With that being said, the broader regulatory, reimbursement and adoption landscape has greatly changed for digital therapeutics in the last few years. In addition to MCIT and some recent high-profile pharma deals, temporary public health emergency measures and general pandemic demand have placed more digital therapeutics into patients' hands.

At the same time, the digital Alzheimer's treatment space has sprouted some new players.

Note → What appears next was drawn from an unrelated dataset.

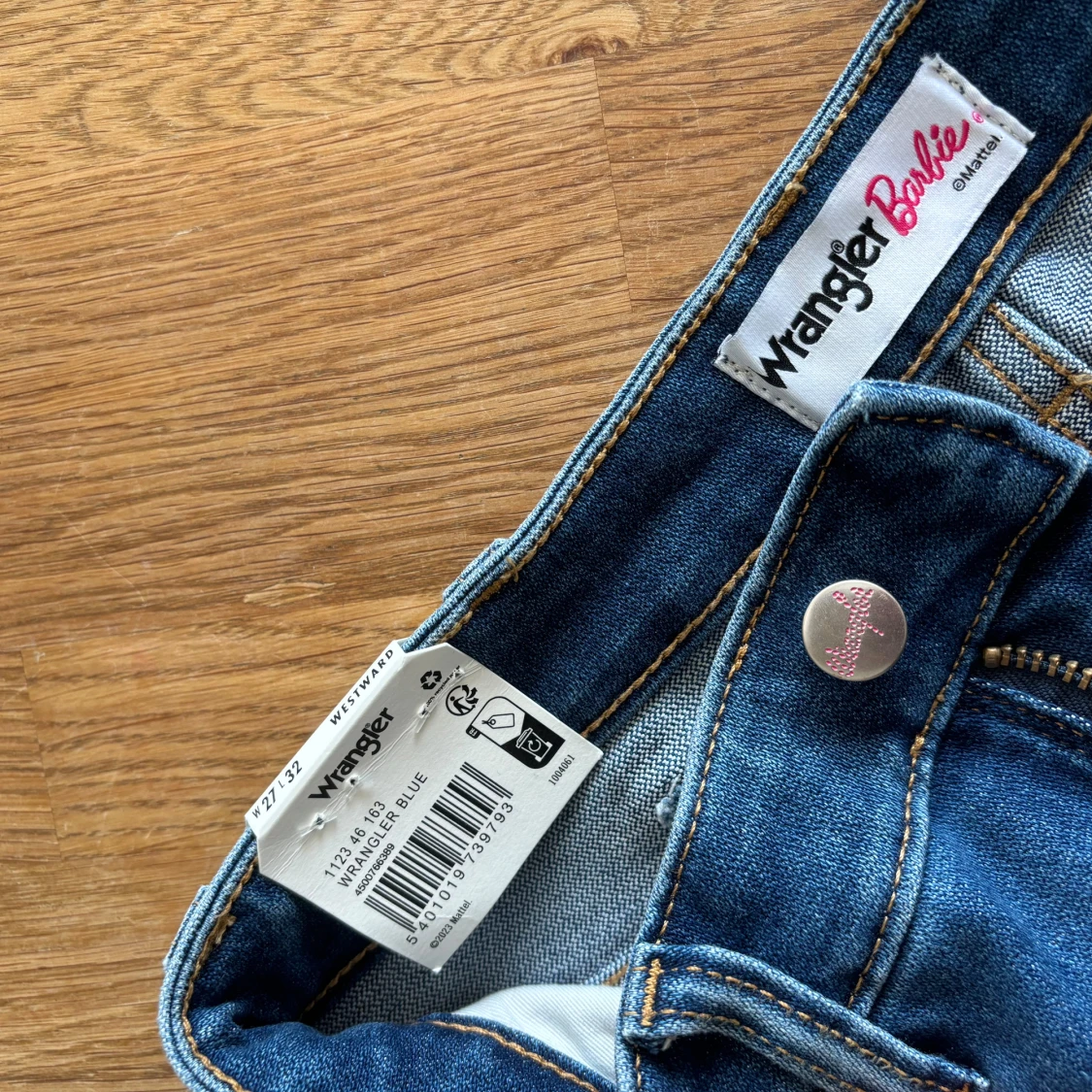 Helt nya magiska jeans som tyvärr va fel storlek på mig men vill inte betala frakt tillbaka så hoppas nån vill köpa här! Wrangler Westward 626 High Rise Bootcut med Barbie tema. Pris kan diskuteras

Singapore-based startup Neuroglee recently announced $2.3 million in pre-seed funding with plans to tackle neurodegenerative diseases with artificial intelligence, machine learning and digital biomarkers. MIT-linked startup Cognito, meanwhile, seems to be following in Dthera's footsteps with its own Breakthrough Device designation in January for its headset-delivered gamma frequency neuromodulation therapy. It also announced positive phase 2 results a few weeks ago, and announced plans for a pivotal clinical trial.

These and other digital therapeutics companies will likely benefit from a clearer path to market than what Dthera tried to navigate in 2018 and 2019, Cox said.   

"I am so incredibly encouraged and proud of how far all of this has advanced in the last few years," he said. "The regulatory path is now much better defined and many more companies have followed it. The reimbursement path is becoming more clear every day, and I think that’s something all of us can be proud of that we contributed to."

In spite of his own company's difficulties with securing a pharma deal, Cox said that he still believed it to have been the correct strategic decision.

Today's startups, he said, shouldn't see Dthera's experience as a reason to swear off of promising pharma partnerships. Although these types of deals will always come with a clinical risk, certain drugs and digital products can complement each other in a way that greatly benefits both parties and strengthens the resulting treatment.

"Regarding pharma partnerships, I still think for the right indications it’s the right solution," he said. "Some indications a digital product needs to be alongside a drug to have the greatest impact. There is nothing harder than Alzheimer’s disease, and, even if success is challenging, it is still something worthy of pursuit."